# PM content in a PC



## Juan Manuel Arcos Frank (Jan 23, 2012)

This is the question:How much gold/silver or paladium is in a computer?

We do not know the answer exactly but we do know that PM exist in minimum amounts .Well,I found an interesting article about PM content in PC,it is written in japanese,take a look.

Kindest regards.

Manuel


----------



## Claudie (Jan 23, 2012)

I downloaded it but I cannot read Japanese.... :|


----------



## Juan Manuel Arcos Frank (Jan 23, 2012)

Claudie:

Me neither,but the graphics are in english and there is an abstract in english,take a look.

Kindest regards.

Manuel


----------



## s2550 (Jan 23, 2012)

Forward to page 7, charts are in English


----------



## patnor1011 (Jan 24, 2012)

Good catch Manuel.


----------



## jack_burton (Jan 24, 2012)

Very cool.
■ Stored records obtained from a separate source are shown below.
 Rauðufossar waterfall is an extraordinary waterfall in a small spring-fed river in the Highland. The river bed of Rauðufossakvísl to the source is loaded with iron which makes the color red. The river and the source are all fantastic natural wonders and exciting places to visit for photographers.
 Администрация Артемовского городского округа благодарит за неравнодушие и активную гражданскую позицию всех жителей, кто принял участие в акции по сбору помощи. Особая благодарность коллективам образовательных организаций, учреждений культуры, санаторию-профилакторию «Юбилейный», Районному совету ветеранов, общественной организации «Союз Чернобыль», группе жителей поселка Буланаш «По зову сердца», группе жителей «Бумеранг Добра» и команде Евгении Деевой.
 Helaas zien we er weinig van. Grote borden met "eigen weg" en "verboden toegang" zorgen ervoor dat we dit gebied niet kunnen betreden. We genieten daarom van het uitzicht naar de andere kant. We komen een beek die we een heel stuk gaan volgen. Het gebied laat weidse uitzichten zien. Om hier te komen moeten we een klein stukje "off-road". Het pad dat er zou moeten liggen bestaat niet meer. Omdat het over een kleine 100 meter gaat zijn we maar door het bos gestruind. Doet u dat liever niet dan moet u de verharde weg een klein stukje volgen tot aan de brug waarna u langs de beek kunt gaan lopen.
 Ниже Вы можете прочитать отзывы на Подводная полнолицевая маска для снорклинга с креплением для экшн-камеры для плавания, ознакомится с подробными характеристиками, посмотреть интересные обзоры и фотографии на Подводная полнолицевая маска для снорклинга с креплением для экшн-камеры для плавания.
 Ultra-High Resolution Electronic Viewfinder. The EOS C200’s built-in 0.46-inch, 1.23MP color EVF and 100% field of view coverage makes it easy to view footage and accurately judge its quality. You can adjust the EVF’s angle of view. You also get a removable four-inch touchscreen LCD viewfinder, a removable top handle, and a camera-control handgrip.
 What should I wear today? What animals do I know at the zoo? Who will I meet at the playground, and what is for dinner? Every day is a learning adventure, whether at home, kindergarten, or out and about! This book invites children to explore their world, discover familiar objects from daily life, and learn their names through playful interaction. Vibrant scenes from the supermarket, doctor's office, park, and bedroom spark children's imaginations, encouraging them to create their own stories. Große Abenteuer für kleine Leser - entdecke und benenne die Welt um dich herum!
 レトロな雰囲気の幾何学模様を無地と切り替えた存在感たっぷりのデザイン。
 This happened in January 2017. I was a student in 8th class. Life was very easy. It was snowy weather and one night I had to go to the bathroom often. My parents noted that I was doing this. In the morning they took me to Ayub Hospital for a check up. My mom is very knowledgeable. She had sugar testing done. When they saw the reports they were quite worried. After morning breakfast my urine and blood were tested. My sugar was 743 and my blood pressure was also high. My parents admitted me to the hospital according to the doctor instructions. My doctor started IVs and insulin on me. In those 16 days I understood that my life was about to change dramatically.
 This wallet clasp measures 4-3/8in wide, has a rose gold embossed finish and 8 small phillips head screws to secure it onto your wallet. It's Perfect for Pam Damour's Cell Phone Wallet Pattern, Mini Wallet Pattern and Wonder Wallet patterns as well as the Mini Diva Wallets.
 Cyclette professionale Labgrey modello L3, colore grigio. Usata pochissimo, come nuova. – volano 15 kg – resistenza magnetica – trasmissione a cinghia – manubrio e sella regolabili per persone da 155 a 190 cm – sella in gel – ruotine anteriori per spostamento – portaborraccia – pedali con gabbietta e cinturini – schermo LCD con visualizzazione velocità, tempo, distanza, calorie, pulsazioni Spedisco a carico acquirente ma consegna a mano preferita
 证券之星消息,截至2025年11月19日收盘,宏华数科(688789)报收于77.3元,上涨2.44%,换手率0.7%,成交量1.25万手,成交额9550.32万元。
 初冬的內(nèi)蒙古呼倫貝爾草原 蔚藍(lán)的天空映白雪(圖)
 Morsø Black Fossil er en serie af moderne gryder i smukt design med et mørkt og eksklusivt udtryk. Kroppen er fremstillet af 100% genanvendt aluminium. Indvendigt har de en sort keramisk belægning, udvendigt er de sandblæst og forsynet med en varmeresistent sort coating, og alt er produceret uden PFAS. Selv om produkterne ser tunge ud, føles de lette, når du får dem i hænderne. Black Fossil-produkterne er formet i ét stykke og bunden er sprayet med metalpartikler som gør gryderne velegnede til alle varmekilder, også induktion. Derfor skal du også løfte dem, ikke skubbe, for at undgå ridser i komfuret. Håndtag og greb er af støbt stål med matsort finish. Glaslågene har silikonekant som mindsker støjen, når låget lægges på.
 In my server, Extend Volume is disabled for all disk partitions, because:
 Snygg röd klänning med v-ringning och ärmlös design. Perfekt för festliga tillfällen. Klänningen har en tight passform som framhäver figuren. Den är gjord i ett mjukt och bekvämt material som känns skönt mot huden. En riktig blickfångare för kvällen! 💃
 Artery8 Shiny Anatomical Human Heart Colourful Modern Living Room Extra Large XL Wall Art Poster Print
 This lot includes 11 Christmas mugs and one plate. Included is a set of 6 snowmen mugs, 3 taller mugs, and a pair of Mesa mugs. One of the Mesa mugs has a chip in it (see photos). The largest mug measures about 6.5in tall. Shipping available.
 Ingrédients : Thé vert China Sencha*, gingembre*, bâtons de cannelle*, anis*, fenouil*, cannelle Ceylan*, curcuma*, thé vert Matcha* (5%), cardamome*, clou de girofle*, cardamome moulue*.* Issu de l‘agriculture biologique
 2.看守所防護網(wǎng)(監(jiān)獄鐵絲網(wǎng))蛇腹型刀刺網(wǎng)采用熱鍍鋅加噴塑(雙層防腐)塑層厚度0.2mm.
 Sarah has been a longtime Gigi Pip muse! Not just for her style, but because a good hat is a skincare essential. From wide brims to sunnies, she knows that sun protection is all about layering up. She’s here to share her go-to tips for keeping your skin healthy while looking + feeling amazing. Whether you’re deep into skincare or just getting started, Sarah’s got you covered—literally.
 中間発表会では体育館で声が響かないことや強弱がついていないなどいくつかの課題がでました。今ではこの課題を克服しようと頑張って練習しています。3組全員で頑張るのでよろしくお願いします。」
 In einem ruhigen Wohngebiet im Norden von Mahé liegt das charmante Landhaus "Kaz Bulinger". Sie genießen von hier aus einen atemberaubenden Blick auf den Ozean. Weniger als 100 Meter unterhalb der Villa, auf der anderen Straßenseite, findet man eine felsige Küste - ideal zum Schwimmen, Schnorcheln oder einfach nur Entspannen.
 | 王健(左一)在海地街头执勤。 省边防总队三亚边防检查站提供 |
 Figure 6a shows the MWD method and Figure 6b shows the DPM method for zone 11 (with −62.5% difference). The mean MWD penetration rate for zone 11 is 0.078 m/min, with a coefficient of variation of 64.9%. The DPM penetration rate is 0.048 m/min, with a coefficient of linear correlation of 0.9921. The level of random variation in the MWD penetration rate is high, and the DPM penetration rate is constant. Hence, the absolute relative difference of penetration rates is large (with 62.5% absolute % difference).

I wonder what kind of PC they used. Not all of them are built the same.


----------



## Anonymous (Jan 24, 2012)

The only way they came up with these figures is if the used a P4 board.There are not too many cpu's that will yield .008gr of Au.At that rate it would take 125 of them,to recover a gram of Au.Everything else sounds about right though.


----------



## Claudie (Jan 24, 2012)

Interesting that a CD drive contains more Gold than the processor. :|


----------



## johnny309 (Jan 24, 2012)

Sorry....but......it didn't add up.....who made this must be falling asleep

Examples:
1)CPU weight(cpu package)...503,60 grams....?
2)Electric power cover...weight=276.46....but Fe=280 and Zn=0.92
3)Cords...are listed 0 grams...but they contain Cu,Sb,Pb and plastic
4) Pb is listed everywhere....but is forbitten in solder alloys.....ROHs..

Funny joke....


----------



## Claudie (Jan 24, 2012)

johnny309 said:


> Sorry....but......it didn't add up.....who made this must be falling asleep
> 
> Examples:
> 1)CPU weight(cpu package)...503,60 grams....?
> ...




CPU package must include and Aluminum/Copper heat sink & fan
but I think you are right, the numbers don't appear to add up.... :|


----------



## Anonymous (Jan 26, 2012)

A couple of things to remember here,
#1: They are in a foreign country,and their terminology may not be exactly the same as ours.
#2 : The use the word "package" in several test results,so I am positive that it includes things like heatsinks,and fans.
#3 : Everything does sound about right if this were a P4 computer.I am sure the "cable" thing was a simple mistke,considering that they are showing over 3 ounces of copper in it.


----------



## Fischer.Dave (May 7, 2012)

Simply copy the text, page by page, into Google Translate, I only tested a few sections (3 to 5 paragraphs or so) randomly through the pdf but it seemed to work and make sense, although I'm sure many of you could make more sense of it than myself. Not sure if anyone even is interested, but I saw an opportunity to possibly add something to the discussion (a rare thing here for a newcomer). Just want to say thank you to all of the experienced members for their wisdom and to all of the "noobs" for all of their mistakes and flawed logic, a mistake is a mistake, just because its not mine doesn't mean I can't learn from it. Thanks again.


----------